The records:
☆ ☆ ☆ ☆ ☆ ☆ ☆

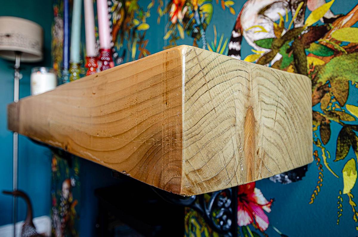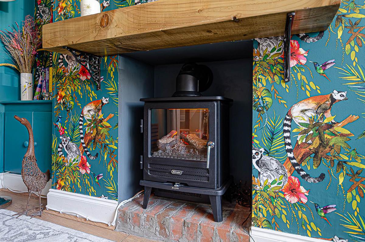 Bay window, hole in the wall fireplace with brick hearth, cornice, and timber laminate floor
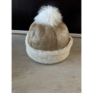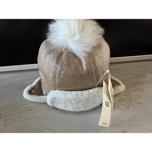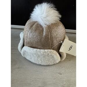 UGG Australia Girls Sheepskin Metallic Pom Pom Chestnut Trapper Hat 4 - 6 Y $145
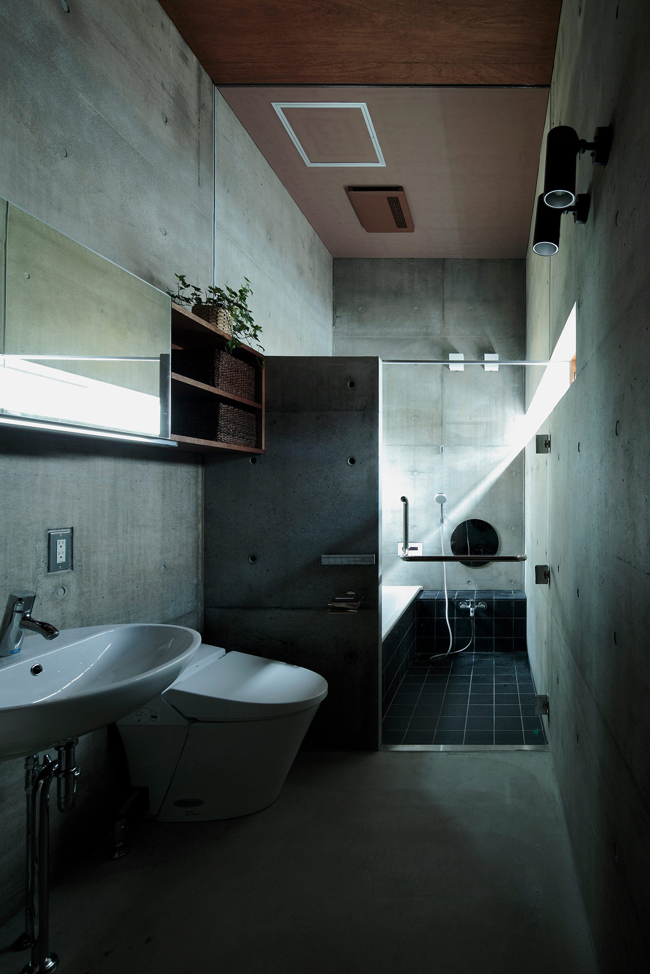 また、ざっくりとした質感の普通合板型枠の打放しは、昭和の面影を残したこの街並みにうまく溶け込んでいる。
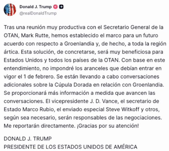 “Hemos establecido el marco para un futuro acuerdo con respecto a Groenlandia y, de hecho, a toda la región ártica”, publicó Trump ayer en la tarde en Truth Social. “Con base en este entendimiento, no impondré los aranceles que estaban programados para entrar en vigor el 1 de febrero.”
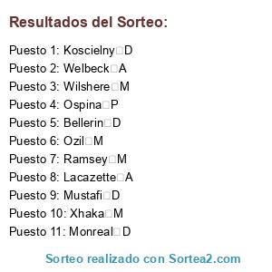Lista de participantes: Bellerin D, Koscielny D, Lacazette A, Monreal D, Mustafi D, Ospina P, Ozil M, Ramsey M, Welbeck A, Wilshere M, Xhaka M.
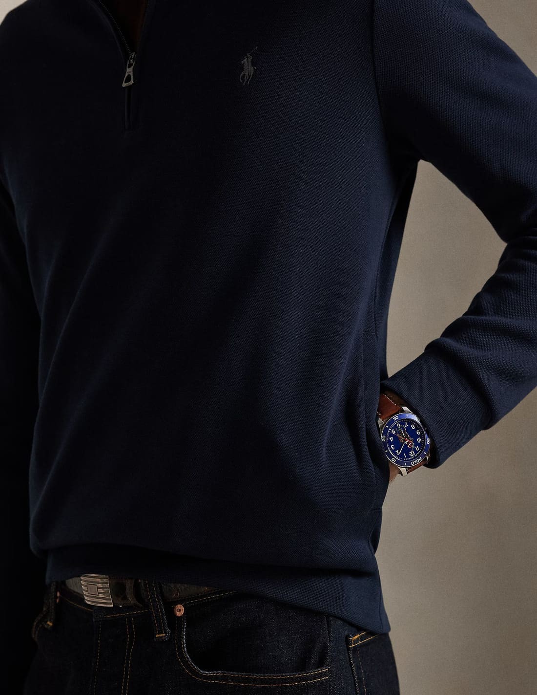 Αναβάθμισε το καθημερινό σου στιλ με αυτό το κομψό ανδρικό πουλόβερ Polo Ralph Lauren, κατασκευασμένο από απαλό cotton-blend double-knit ύφασμα με mesh εσωτερική ύφανση για άνεση και ανάσα στο δέρμα. Η καθαρή γραμμή του και η ποιοτική υφή το κάνουν ιδανικό για κάθε casual ή smart casual εμφάνιση, ενώ το περίτεχνα κεντημένο iconic Polo Pony στο στήθος υπογράφει τον αυθεντικό χαρακτήρα της Polo Ralph Lauren. Ένα διαχρονικό κομμάτι που συνδυάζει premium ποιότητα, κομψότητα και σύγχρονη άνεση—ιδανική επιλογή για τον σύγχρονο άνδρα που αναζητά στιλ και αξιοπιστία σε κάθε εμφάνιση.
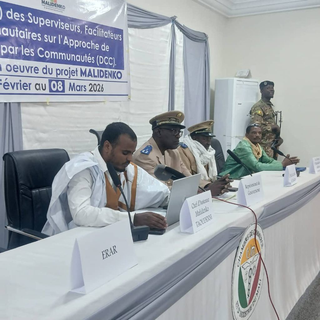 Ce mercredi 25 février 2026, ont débuté les travaux de la formation sur l’approche du Développement conduit par les Communautés (DCC) au profit des facilitateurs communautaires (FC), facilitateurs techniques (FT) et superviseurs communautaires (SC) du projet MALIDENKO dans la région de Taoudenni. Cette troisième vague de formation, qui s’inscrit dans le cadre du renforcement des capacités des acteurs de mise en œuvre, se déroulera sur une période de douze (12) jours, comprenant deux (2) jours de simulation pratique et dix (10) jours de formation théorique. La cérémonie d’ouverture était présidée par le Directeur de cabinet, représentant le gouverneur de la région de Taoudenni. Ont également pris part à cette cérémonie ; le Préfet, le chef de l’équipe régionale d’appui à la réconciliation (ERAR) et le représentant du conseil régional de Taoudenni. Dans son discours d’ouverture, le directeur de cabinet a tenu à remercier chaleureusement le ministre d’État, ministre de la Réconciliation, de la Paix et de la Cohésion nationale, le Général de corps d’armée Ismaël WAGUÉ, d’avoir offert une opportunité d’emploi à 66 jeunes de la région de Taoudenni dans le cadre du projet MALIDENKO. Il a instruit les nouveaux agents à suivre assidûment cette formation afin de pouvoir transmettre les connaissances acquises sur cette approche innovante, où les communautés sont placées au cœur des actions de développement qui les concernent. « Le développement par les communautés pour les communautés, un chemin pour la paix. » MRPCN
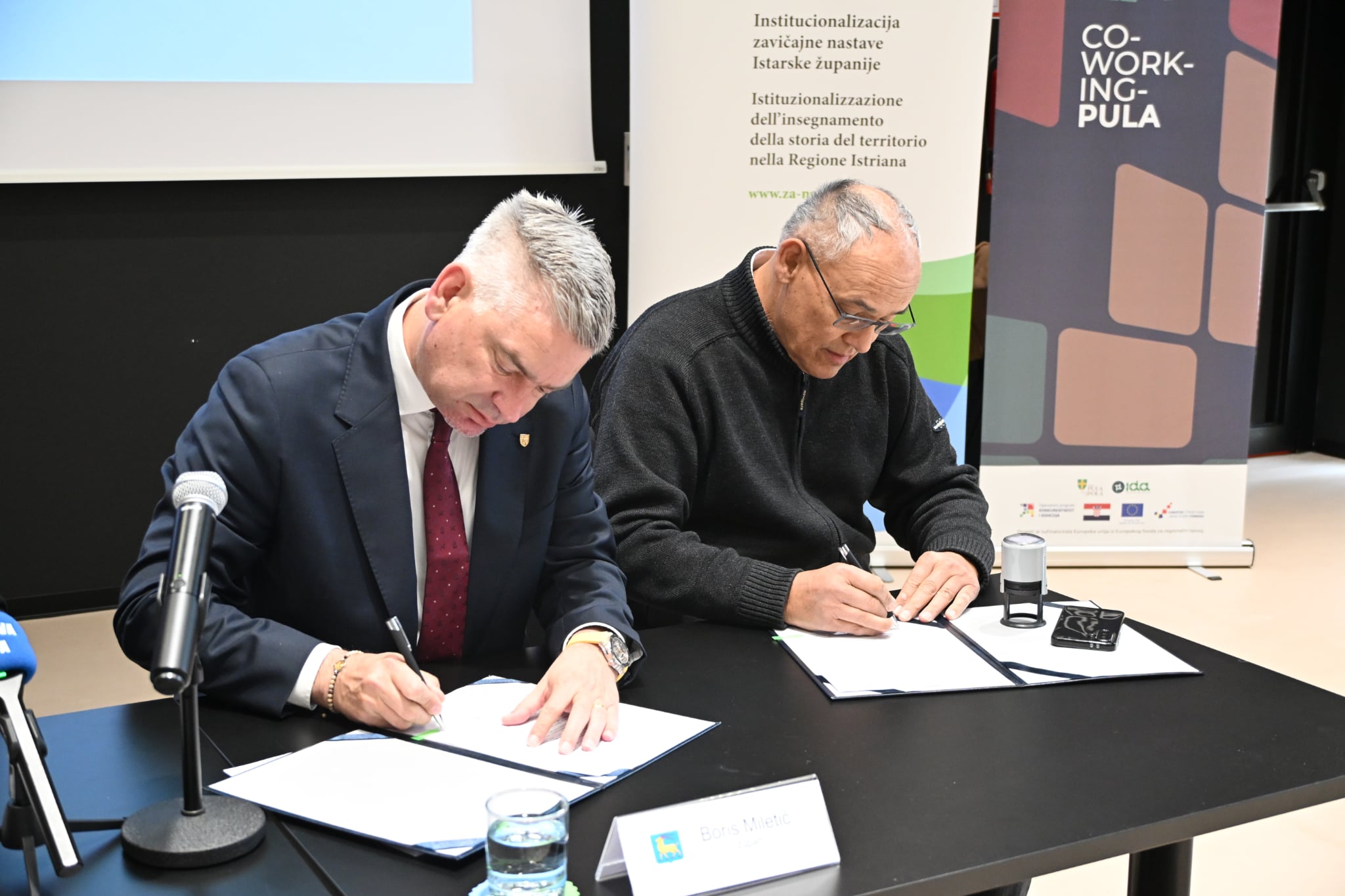 U proračunu Istarske županije za 2026. godinu za financiranje javnih potreba u kulturi osigurano je ukupno 1.078.444 eura, a danas je u Coworking centru Pula održano novo potpisivanje ugovora, odnosno nastavak dodjele financijskih sredstava. Ovaj put župan Boris Miletić potpisao je 21 ugovor s 12 korisnika, u ukupnoj vrijednosti od 98.060 eura, a riječ je o projektima i programima koji se odnose na materijalnu i nematerijalnu baštinu. Potpisivanju je prisustvovao i pročelnik Upravnog odjela za kulturu i zavičajnost Vladimir Torbica.

☆ ☆ ☆ ☆ ☆ ☆ ☆

What is needed:
Set down all records verbatim, omitting images.

Reply:
 Bay window, hole in the wall fireplace with brick hearth, cornice, and timber laminate floor
 UGG Australia Girls Sheepskin Metallic Pom Pom Chestnut Trapper Hat 4 - 6 Y $145
 また、ざっくりとした質感の普通合板型枠の打放しは、昭和の面影を残したこの街並みにうまく溶け込んでいる。
 “Hemos establecido el marco para un futuro acuerdo con respecto a Groenlandia y, de hecho, a toda la región ártica”, publicó Trump ayer en la tarde en Truth Social. “Con base en este entendimiento, no impondré los aranceles que estaban programados para entrar en vigor el 1 de febrero.”
Lista de participantes: Bellerin D, Koscielny D, Lacazette A, Monreal D, Mustafi D, Ospina P, Ozil M, Ramsey M, Welbeck A, Wilshere M, Xhaka M.
 Αναβάθμισε το καθημερινό σου στιλ με αυτό το κομψό ανδρικό πουλόβερ Polo Ralph Lauren, κατασκευασμένο από απαλό cotton-blend double-knit ύφασμα με mesh εσωτερική ύφανση για άνεση και ανάσα στο δέρμα. Η καθαρή γραμμή του και η ποιοτική υφή το κάνουν ιδανικό για κάθε casual ή smart casual εμφάνιση, ενώ το περίτεχνα κεντημένο iconic Polo Pony στο στήθος υπογράφει τον αυθεντικό χαρακτήρα της Polo Ralph Lauren. Ένα διαχρονικό κομμάτι που συνδυάζει premium ποιότητα, κομψότητα και σύγχρονη άνεση—ιδανική επιλογή για τον σύγχρονο άνδρα που αναζητά στιλ και αξιοπιστία σε κάθε εμφάνιση.
 Ce mercredi 25 février 2026, ont débuté les travaux de la formation sur l’approche du Développement conduit par les Communautés (DCC) au profit des facilitateurs communautaires (FC), facilitateurs techniques (FT) et superviseurs communautaires (SC) du projet MALIDENKO dans la région de Taoudenni. Cette troisième vague de formation, qui s’inscrit dans le cadre du renforcement des capacités des acteurs de mise en œuvre, se déroulera sur une période de douze (12) jours, comprenant deux (2) jours de simulation pratique et dix (10) jours de formation théorique. La cérémonie d’ouverture était présidée par le Directeur de cabinet, représentant le gouverneur de la région de Taoudenni. Ont également pris part à cette cérémonie ; le Préfet, le chef de l’équipe régionale d’appui à la réconciliation (ERAR) et le représentant du conseil régional de Taoudenni. Dans son discours d’ouverture, le directeur de cabinet a tenu à remercier chaleureusement le ministre d’État, ministre de la Réconciliation, de la Paix et de la Cohésion nationale, le Général de corps d’armée Ismaël WAGUÉ, d’avoir offert une opportunité d’emploi à 66 jeunes de la région de Taoudenni dans le cadre du projet MALIDENKO. Il a instruit les nouveaux agents à suivre assidûment cette formation afin de pouvoir transmettre les connaissances acquises sur cette approche innovante, où les communautés sont placées au cœur des actions de développement qui les concernent. « Le développement par les communautés pour les communautés, un chemin pour la paix. » MRPCN
 U proračunu Istarske županije za 2026. godinu za financiranje javnih potreba u kulturi osigurano je ukupno 1.078.444 eura, a danas je u Coworking centru Pula održano novo potpisivanje ugovora, odnosno nastavak dodjele financijskih sredstava. Ovaj put župan Boris Miletić potpisao je 21 ugovor s 12 korisnika, u ukupnoj vrijednosti od 98.060 eura, a riječ je o projektima i programima koji se odnose na materijalnu i nematerijalnu baštinu. Potpisivanju je prisustvovao i pročelnik Upravnog odjela za kulturu i zavičajnost Vladimir Torbica.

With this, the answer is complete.